Data records:
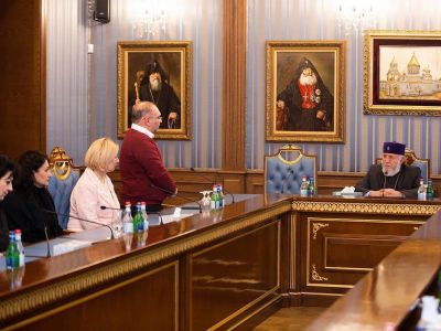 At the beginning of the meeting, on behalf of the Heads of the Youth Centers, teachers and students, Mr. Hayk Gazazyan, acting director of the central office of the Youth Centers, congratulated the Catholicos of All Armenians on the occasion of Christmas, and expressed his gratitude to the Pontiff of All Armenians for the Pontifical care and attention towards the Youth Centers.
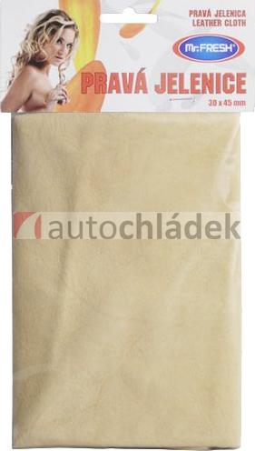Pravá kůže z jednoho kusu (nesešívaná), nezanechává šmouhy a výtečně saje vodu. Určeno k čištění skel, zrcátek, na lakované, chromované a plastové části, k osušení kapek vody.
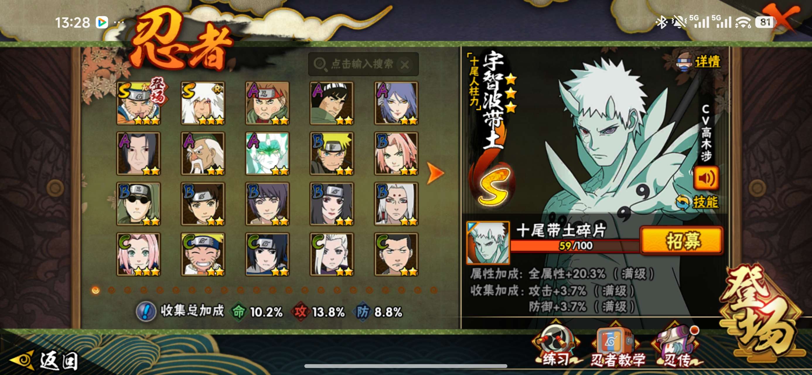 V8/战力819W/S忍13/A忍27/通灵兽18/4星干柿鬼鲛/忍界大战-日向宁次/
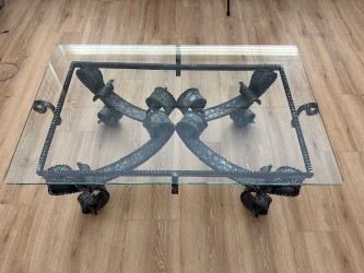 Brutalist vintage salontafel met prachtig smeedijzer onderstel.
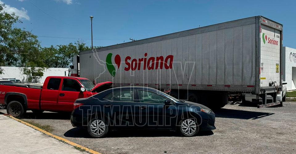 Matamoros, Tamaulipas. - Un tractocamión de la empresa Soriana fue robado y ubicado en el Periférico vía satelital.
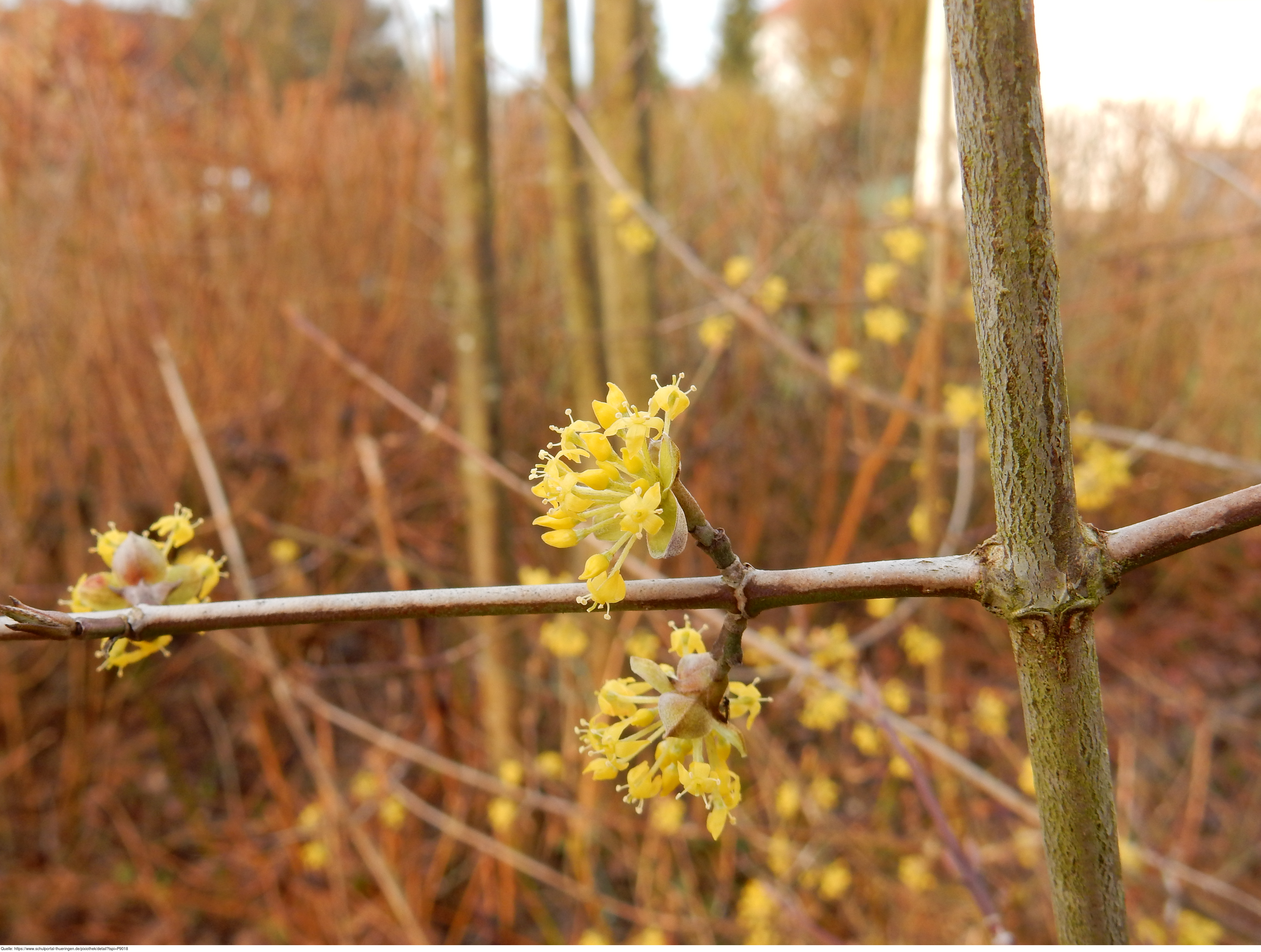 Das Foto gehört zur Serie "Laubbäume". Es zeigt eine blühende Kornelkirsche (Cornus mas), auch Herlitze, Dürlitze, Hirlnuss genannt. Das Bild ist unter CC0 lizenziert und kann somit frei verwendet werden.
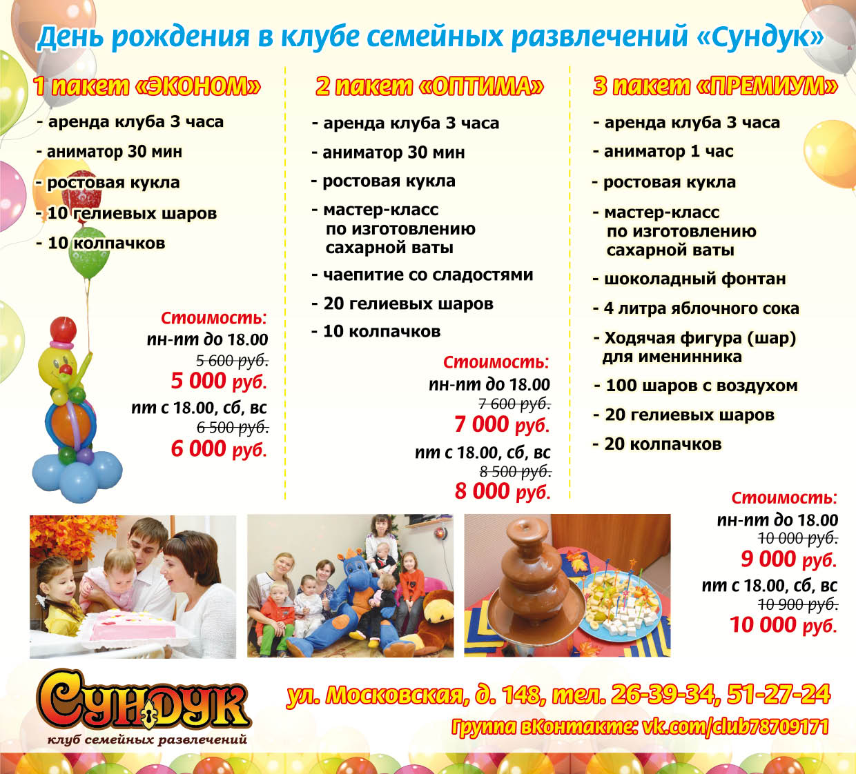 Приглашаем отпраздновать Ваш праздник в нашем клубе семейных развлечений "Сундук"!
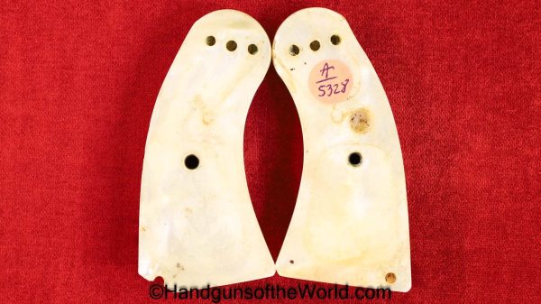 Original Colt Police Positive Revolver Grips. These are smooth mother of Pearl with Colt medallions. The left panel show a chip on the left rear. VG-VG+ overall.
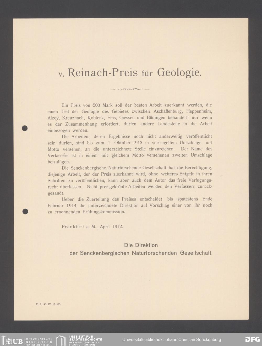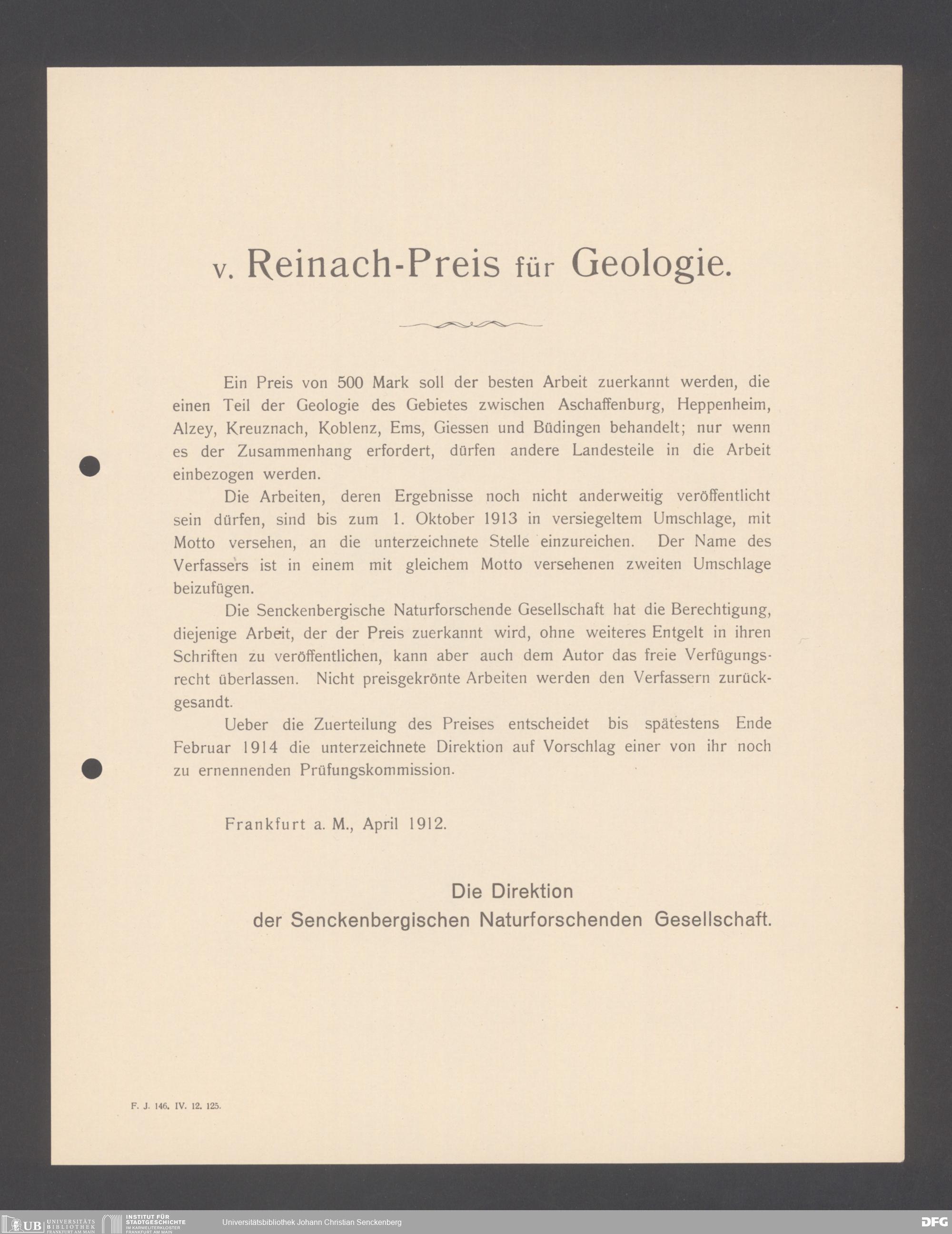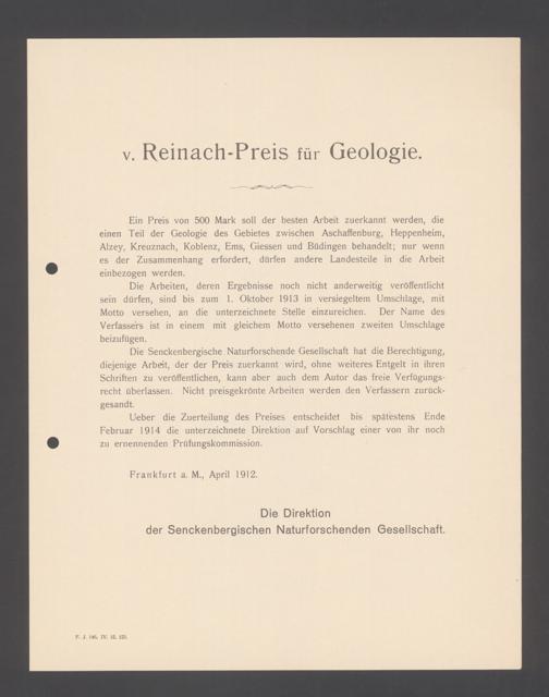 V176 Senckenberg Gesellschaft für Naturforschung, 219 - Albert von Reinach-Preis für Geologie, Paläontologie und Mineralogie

• _Exercise_:
Print every entry above verbatim but drop the images.

• _Exercise solution_:
 At the beginning of the meeting, on behalf of the Heads of the Youth Centers, teachers and students, Mr. Hayk Gazazyan, acting director of the central office of the Youth Centers, congratulated the Catholicos of All Armenians on the occasion of Christmas, and expressed his gratitude to the Pontiff of All Armenians for the Pontifical care and attention towards the Youth Centers.
Pravá kůže z jednoho kusu (nesešívaná), nezanechává šmouhy a výtečně saje vodu. Určeno k čištění skel, zrcátek, na lakované, chromované a plastové části, k osušení kapek vody.
 V8/战力819W/S忍13/A忍27/通灵兽18/4星干柿鬼鲛/忍界大战-日向宁次/
 Brutalist vintage salontafel met prachtig smeedijzer onderstel.
 Matamoros, Tamaulipas. - Un tractocamión de la empresa Soriana fue robado y ubicado en el Periférico vía satelital.
 Das Foto gehört zur Serie "Laubbäume". Es zeigt eine blühende Kornelkirsche (Cornus mas), auch Herlitze, Dürlitze, Hirlnuss genannt. Das Bild ist unter CC0 lizenziert und kann somit frei verwendet werden.
 Приглашаем отпраздновать Ваш праздник в нашем клубе семейных развлечений "Сундук"!
 Original Colt Police Positive Revolver Grips. These are smooth mother of Pearl with Colt medallions. The left panel show a chip on the left rear. VG-VG+ overall.
 V176 Senckenberg Gesellschaft für Naturforschung, 219 - Albert von Reinach-Preis für Geologie, Paläontologie und Mineralogie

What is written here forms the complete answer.